Newsgroups: comp.parallel.mpi
From: Chris Walshaw <C.Walshaw@gre.ac.uk>
Subject: Help - error messages in MPICH
Organization: School of Maths, University of Greenwich, U.K.
Date: 9 Nov 1995 14:36:56 GMT
Mime-Version: 1.0
Content-Type: text/plain; charset=us-ascii
Content-Transfer-Encoding: 7bit
Message-ID: <47t3m8$gsh@jupiter.gre.ac.uk>

I am running a parallel code using MPICH (ch_p4) Version 1.0.10 on a Sun
running SunOS 5.4. I run between 3 and 9 processes all on the same workstation
(for testing purposes). Mostly it works perfectly but occasionally
(and frequently enough to be irritating) it crashes (almost always early
on in the run).
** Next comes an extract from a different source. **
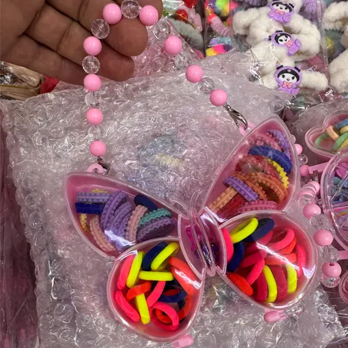 Toptan Kız Çocuk Kalpli ve Kelebek Kutu Renkli Saç Tokası ve Lastik Seti

The sorts of error messages are

p4_23302:  p4_error: net_recv read, errno = : 0
rm_l_821416_23303:  p4_error: interrupt SIGINT: 2

or

p0_2753:  p4_error: interrupt SIGINT: 2
bm_list_2754:  p4_error: interrupt SIGINT: 2

or


p1_18412:  p4_error: net_recv read, errno = : 0
rm_l_2046_18413:  p4_error: interrupt SIGINT: 2

Do those error codes mean enough to anyone to suggest what might be causing
the crashes.

	Thanks in advance

	Chris Walshaw
	C.Walshaw@gre.ac.uk